PCA like a Mathematician

Principal Component Analysis, or PCA, is a fundamental dimensionality reduction technique using in Machine Learning. The general goal is to transform a {d}-dimensional problem into a {k}-dimensional one, where {k} is smaller than {d}. This can be used, for instance, to plot large dimensional data on a 2D or 3D plot, or to reduce the number of features in an effort to eliminate random noise in a machine learning problem (made precise below). In this post, we will discuss PCA in mathematical terms.
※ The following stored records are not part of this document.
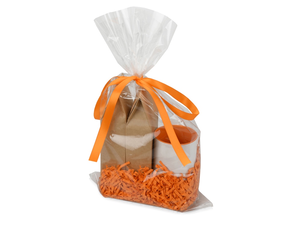 Отличный подарок для идеального чаепития. В набор входят два вида чая (черный и зеленый) и стильная кружка Gain. Продуктовый набор упакован в прозрачный пакет и декорирован бумажным наполнителем.
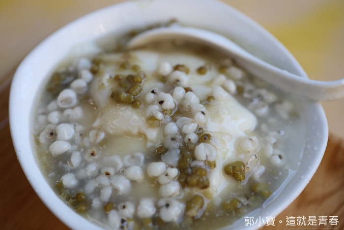 | 這一碗滿到不行的綠豆薏仁豆花才賣45真的也太便宜,本來我跟太妃還想說不是黑糖糖水有點失望,但是吃了第一口後真的還滿驚艷的,他們家的糖水真的很讚,不會很死的那種甜膩,且冰冰涼涼的超好吃,薏仁跟綠豆的量也很多。 |
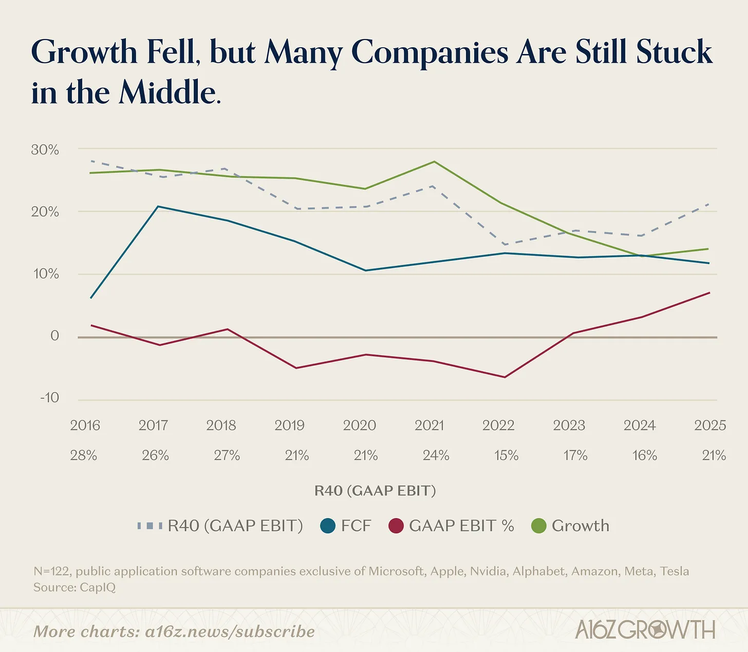 PANews Editor's Note: a16z partner David George published a new article stating that there is no more "middle ground" in the software industry. Companies must choose one of two paths within 12-18 months: achieve over 10% revenue growth through AI-native products or increase real profit margins to 40%-50%. He calls for companies to undergo thorough restructuring, clarify their development direction, and reshape their teams and architecture to adapt to the new AI-driven competitive environment. Otherwise, they will face valuation compression and market pressure.

This is adopted from a first course in Linear Algebra, the principle of maximum likelihood estimation, and the Eckhart-Young theorem from 1936.

{\smallskip}

Example: Suppose we are presented with {m} samples {x_1 , \ldots x_{m}}, where each is a 100 dimensional vector. After inspection, we realize that each data point is of the form {c_i z}, where {c_i} is a real number and {z} is a 100-dimensional vector. Thus, to describe each {x_i}, we simply need to specify {c_i}, rather than the 100 coordinates of {x_i}. This effectively reduces the dimensionality of our data from 100 to 1. {\spadesuit} {\smallskip}

The goal of PCA is to provide a methodical way of accomplishing this in general. There are a few issues to overcome.

  • The data may not be of the form {c_i z}, but rather {c_i z_1 + d_i z_2}, or even higher dimensional.
  • The data might only be approximately of the form {c_i z}, i.e. of the form {c_i z + e_i }, where {e_i} is a small error term.
  • We may not know, a priori, the form of the data. How do we determine the best {k}-dimensional representation of the data?
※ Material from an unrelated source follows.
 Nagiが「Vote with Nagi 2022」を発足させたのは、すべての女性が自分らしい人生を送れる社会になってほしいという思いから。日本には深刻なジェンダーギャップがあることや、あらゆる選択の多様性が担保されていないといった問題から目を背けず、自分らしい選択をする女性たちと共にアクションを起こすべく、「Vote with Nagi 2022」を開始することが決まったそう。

Let us address these issues below.

1. PCA in Mathematical Terms

Suppose we are presented with a matrix {X} of size {m \times d}, where each row is a sample and each column is a feature. We denote the rows of {X} are given by {x_1 , \ldots , x_m}. We suppose further, without loss of generality after scaling, that each column of {X} has zero mean and unit variance.

Our goal is to find the best approximation of the form

\displaystyle x_i \approx z_i^T W ,

for all {i = 1 , \ldots , m}, where {W} is a matrix of size {k \times d} and {z_i} is a vector of size {k}. Thus, each {x_i} is generated from lower dimensional data, via the {z_i}.

We suppose, more precisely, that

\displaystyle x_i =z_i^T W + \epsilon_i,

where {\epsilon_i \sim N(0, I)} is a error term. That is each coordinate of {\epsilon_i} is normally distributed with mean zero and variance 1. From here, we plan to derive PCA. One can wonder if the assumption on {\epsilon_i} is reasonable, which can be addressed on an individual basis. The assumption that {x_i} is generated by lower dimensional data is sometimes referred to as a latent representation, and the interested reader may consult this blog post for applications of this idea into generative models, such as image generation.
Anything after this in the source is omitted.